In this example, events with SystemS3 set to "security_events", "system_events", or "application_events" will route to their respective tables. All other events will route to the "general_logs" catch-all table.
High-Volume
Configuration optimized for high-volume ingestion:
targets:
  - name: high_volume_adx
    type: azdx
    properties:
      tenant_id: "00000000-0000-0000-0000-000000000000"
      client_id: "11111111-1111-1111-1111-111111111111"
      client_secret: "your-client-secret"
      endpoint: "https://cluster.region.kusto.windows.net"
      database: "logs"
      type: "parquet"
      batch_size: 50000
      max_size: 536870912
      timeout: 60
      flush_immediately: false
With Debugging
Configuration with debug options:
targets:
  - name: debug_adx
    type: azdx
    properties:
      tenant_id: "00000000-0000-0000-0000-000000000000"
      client_id: "11111111-1111-1111-1111-111111111111"
      client_secret: "your-client-secret"
      endpoint: "https://cluster.region.kusto.windows.net"
      database: "logs"
      debug:
        status: true
        dont_send_logs: true  # Test mode that doesn't actually upload
Normalized
Using field normalization before ingestion:
targets:
  - name: normalized_adx
    type: azdx
    properties:
      tenant_id: "00000000-0000-0000-0000-000000000000"
      client_id: "11111111-1111-1111-1111-111111111111"
      client_secret: "your-client-secret"
      endpoint: "https://cluster.region.kusto.windows.net"
      database: "logs"
      field_format: "asim"
Automation-Friendly Configuration
Configuration designed for automation tools that expect specific table names:
targets:
  - name: automation_adx
    type: azdx
    properties:
      tenant_id: "00000000-0000-0000-0000-000000000000"
      client_id: "11111111-1111-1111-1111-111111111111"
      client_secret: "your-client-secret"

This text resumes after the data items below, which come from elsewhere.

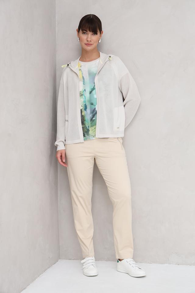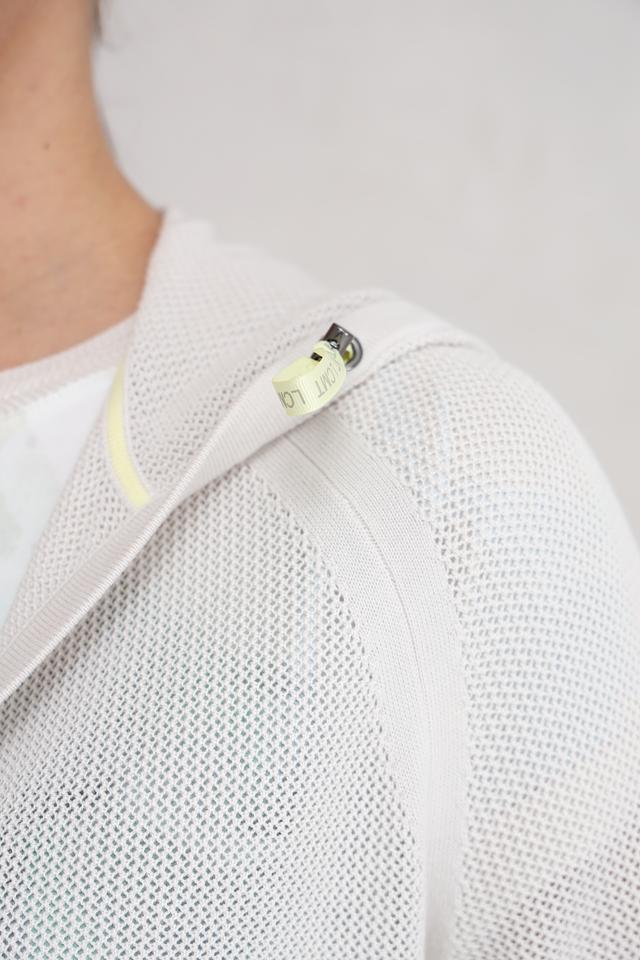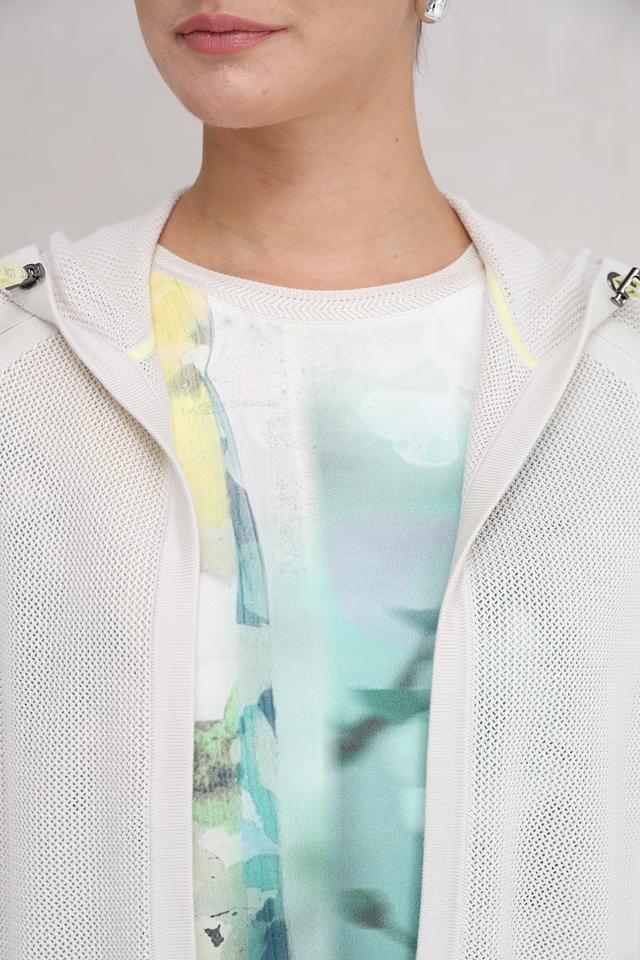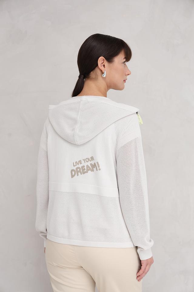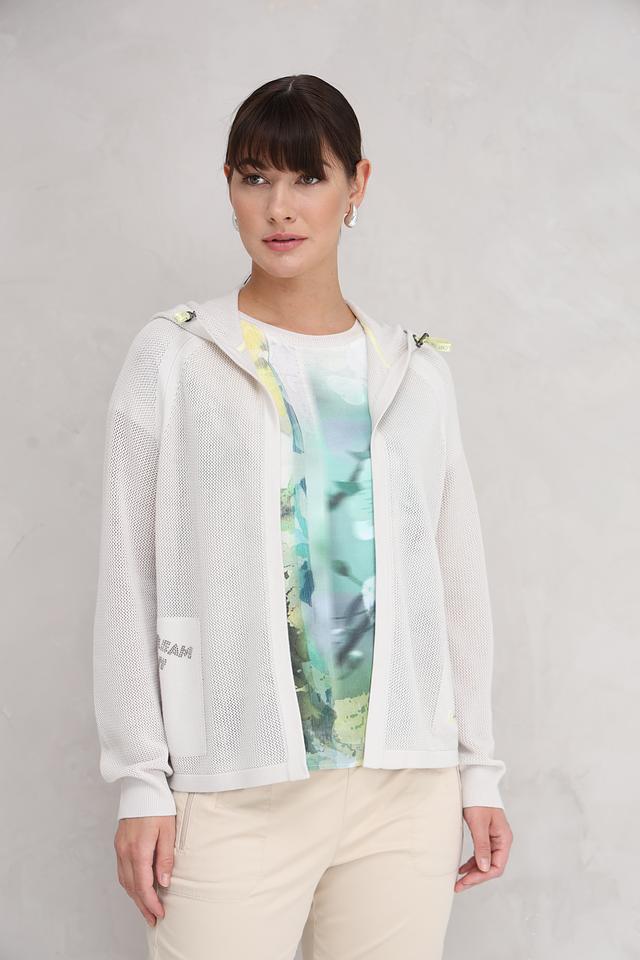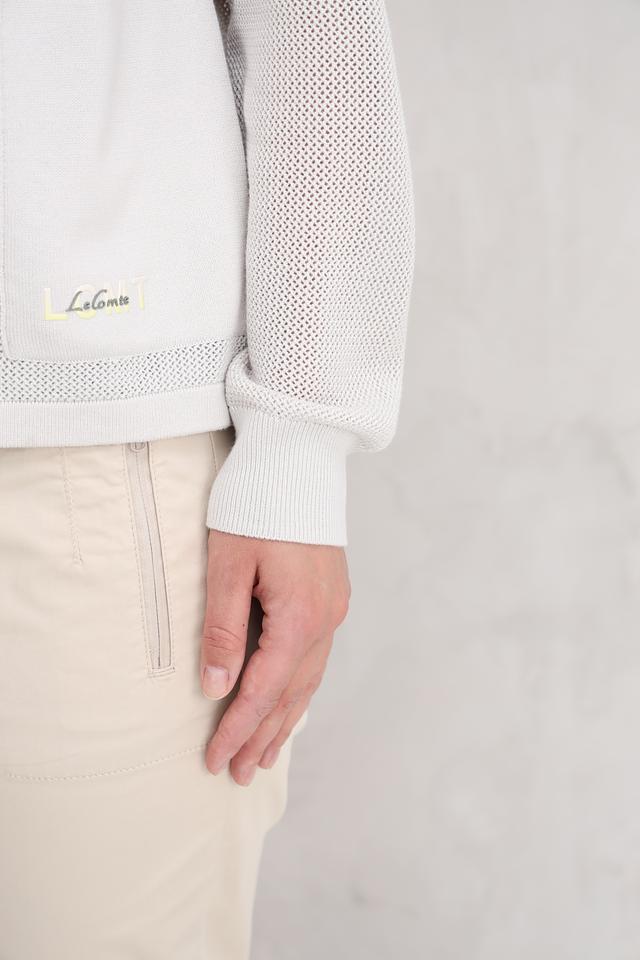 Этот жакет от Lecomte выполнен в светло-сером цвете и имеет оригинальную сетчатую текстуру. Модель с капюшоном и застежкой-молнией, что делает ее практичной и удобной в носке.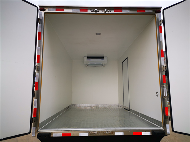 福田歐馬可4米2冷藏車廂體配置為:采用斷橋隔熱工藝,整體框架結構制作,廂體內(nèi)、外壁材料為玻璃鋼板,采用高密度保溫層,廂板內(nèi)帶有骨架,廂體厚度80mm,門框,門飾件、包角全部使用不銹鋼材質(zhì)。最新款鋁合金包邊型材,廂體內(nèi)采用LED照明燈及廂體示寬燈;門框密封條為橡膠材質(zhì),后門梁帶加厚防撞塊,加厚型不銹鋼鉸鏈及鎖件。車體副梁采用510L高強度鋼制作,底板為鋁花紋板,車廂后門帶一個上車扶手,其余標配;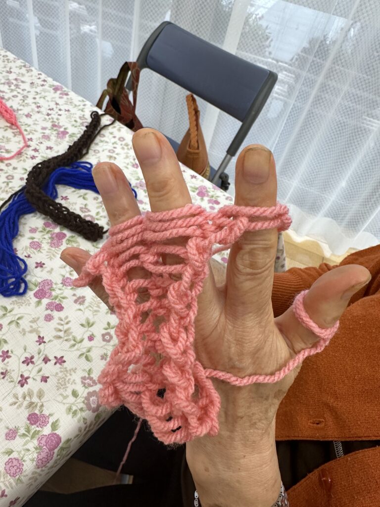 参加者に材料を渡し、「アクリルたわし」作りが始まりました。皆さん、今津赤十字病院スタッフの支援で、素敵なたわしが出来上がりました。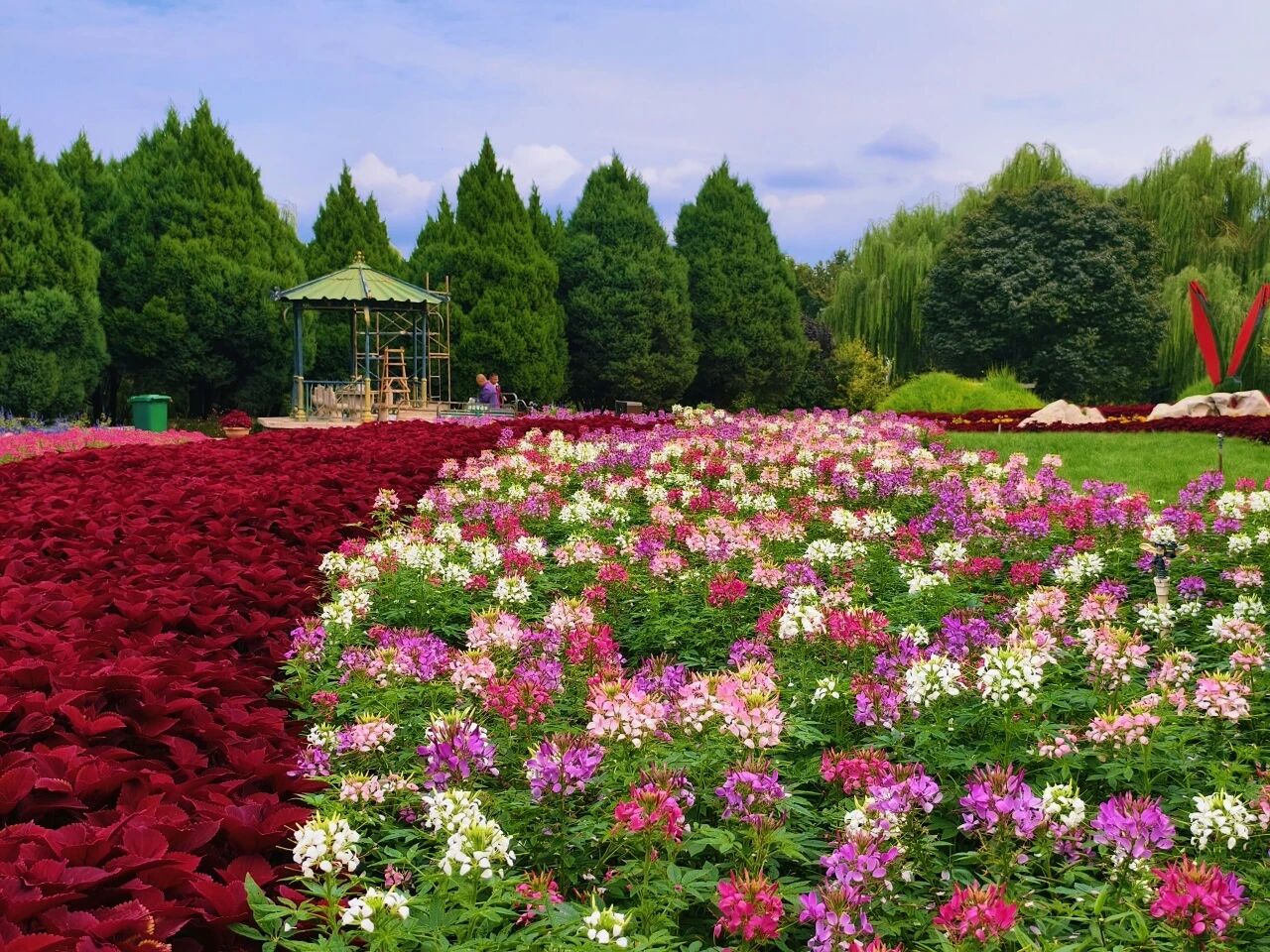 本次花展分为室内和室外两部分,室外花展主展区位于花展厅北侧,涵盖醉蝶、百日草、彩叶草、矮牵牛、金光菊、香彩雀等10余个品种,其中,醉蝶花以玫红、白、紫三色交织出梦幻花浪,橘黄、粉红的百日草花瓣层层叠叠,红色与芥末黄的彩叶草叶片相映成趣,将整个园区装点成色彩饱满的秋日画卷。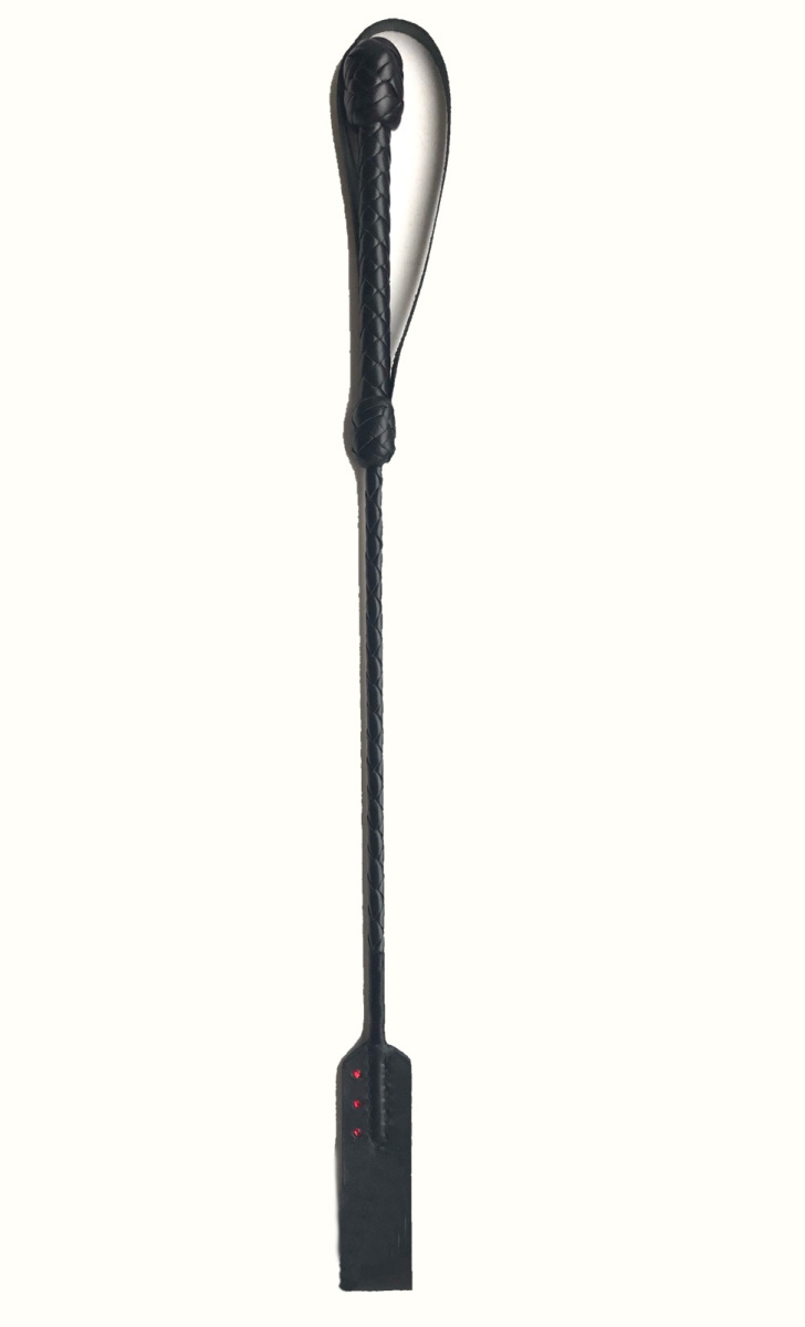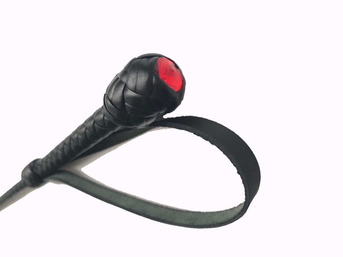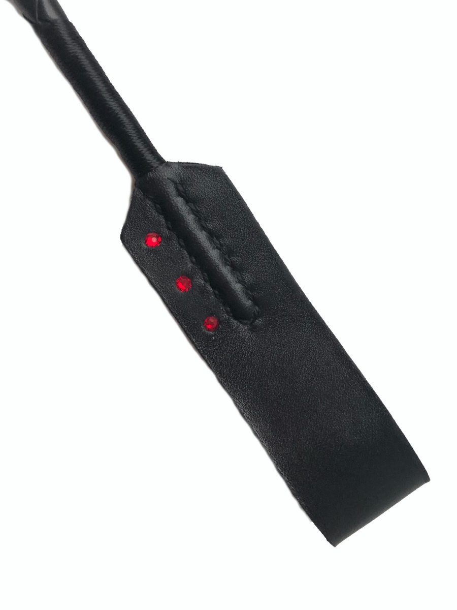 На ручке и окончании стек украшен красными стразами.
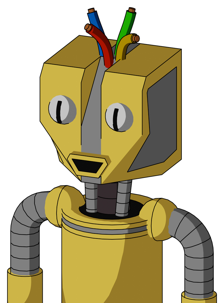 Yellow Droid With Mechanical Head And Happy Mouth And Two Eyes And Wire Hair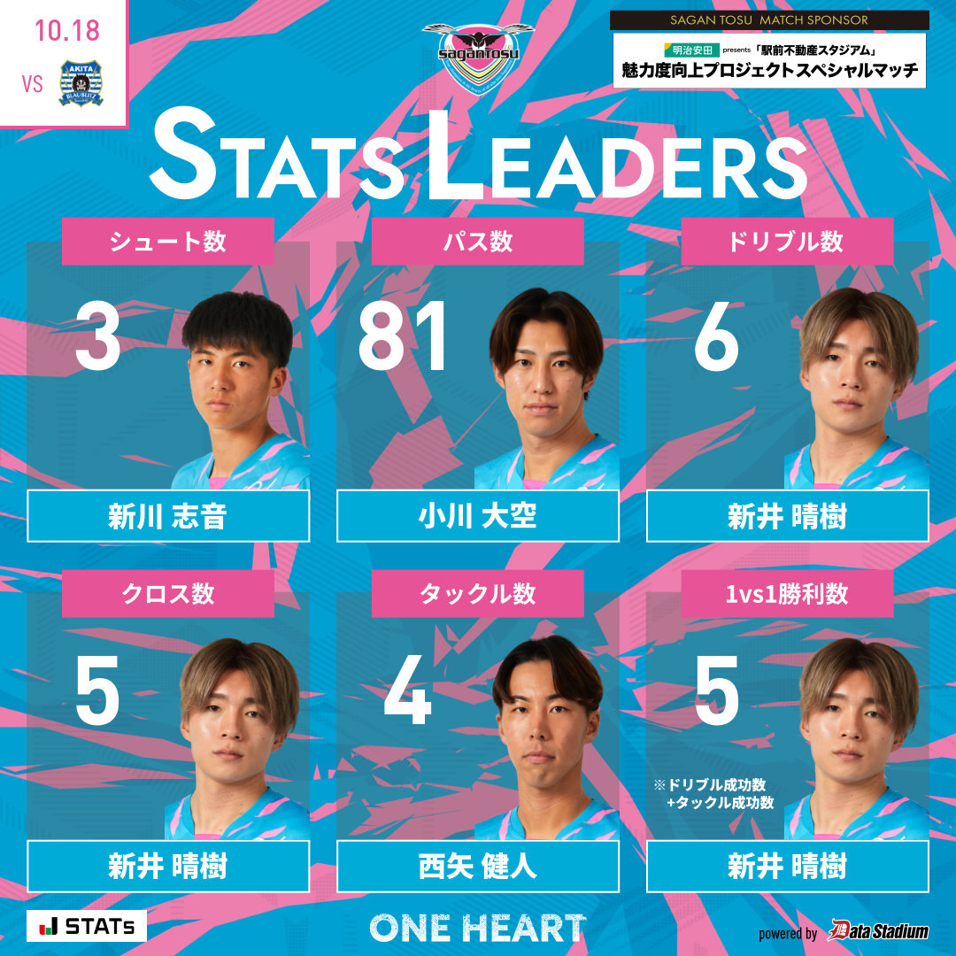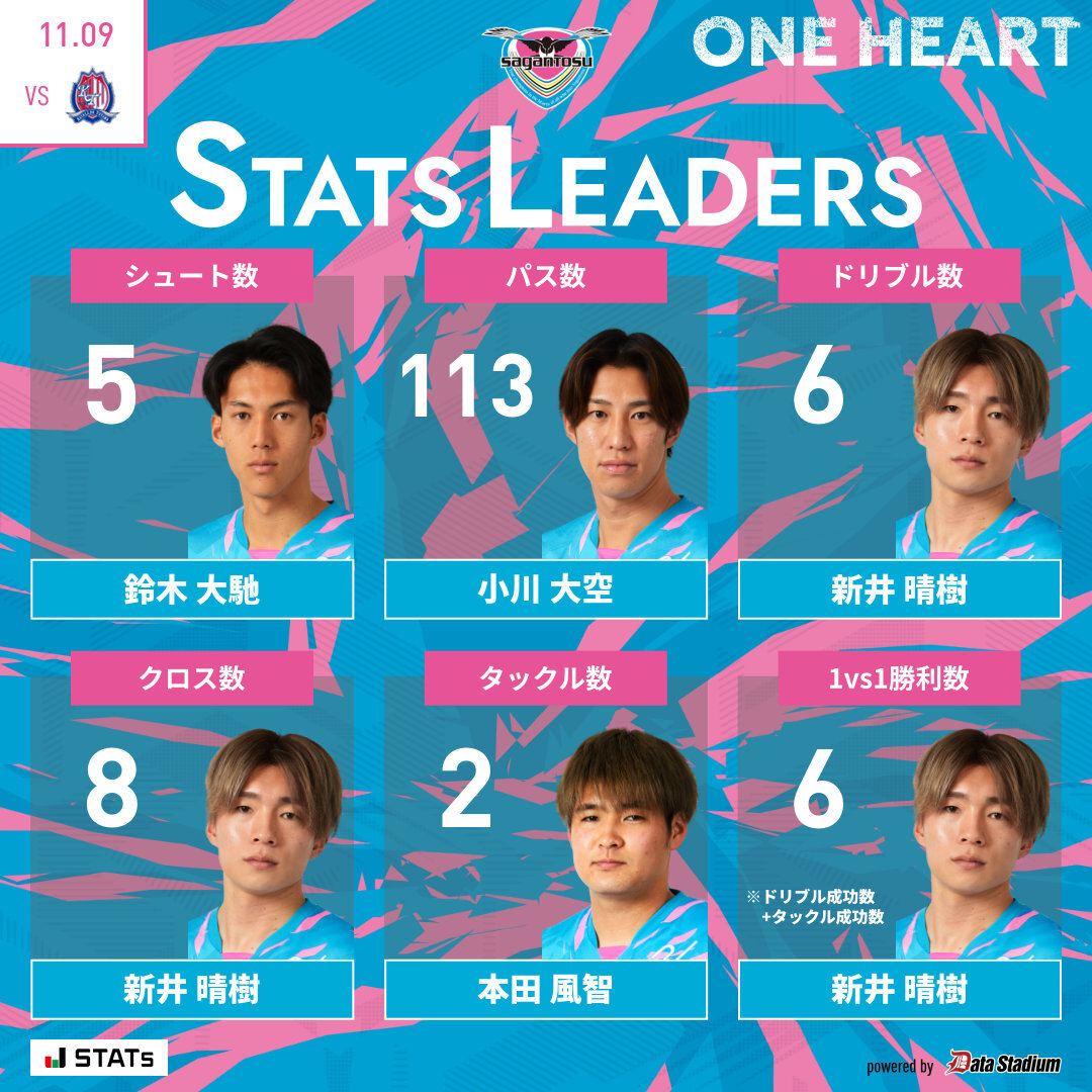 👑本日のスタッツリーダー シュート数: #ヴィキンタススリヴカ パス数: #小川大空 ドリブル数: #新井晴樹 クロス数: #新井晴樹 タックル数: #新川志音 1vs1勝利数: #新井晴樹 #サガン鳥栖 #sagantosu #ONEHEART #Jリーグ #Jleague

      endpoint: "https://cluster.region.kusto.windows.net"
      database: "logs"
      # Catch-all ensures automation-generated events always have a destination
      table: "automated_events"
      schema: "Timestamp:datetime,EventType:string,Data:string,Source:string"
      tables:
        - name: "monitoring_alerts"
          schema: "Timestamp:datetime,AlertLevel:string,Message:string"
        - name: "deployment_logs"
          schema: "Timestamp:datetime,Service:string,Version:string,Status:string"
In this configuration, automation tools looking for "monitoring_alerts" or "deployment_logs" will find their specific tables with the expected schemas. Any other automated events will be captured in the "automated_events" catch-all table, ensuring no data is lost.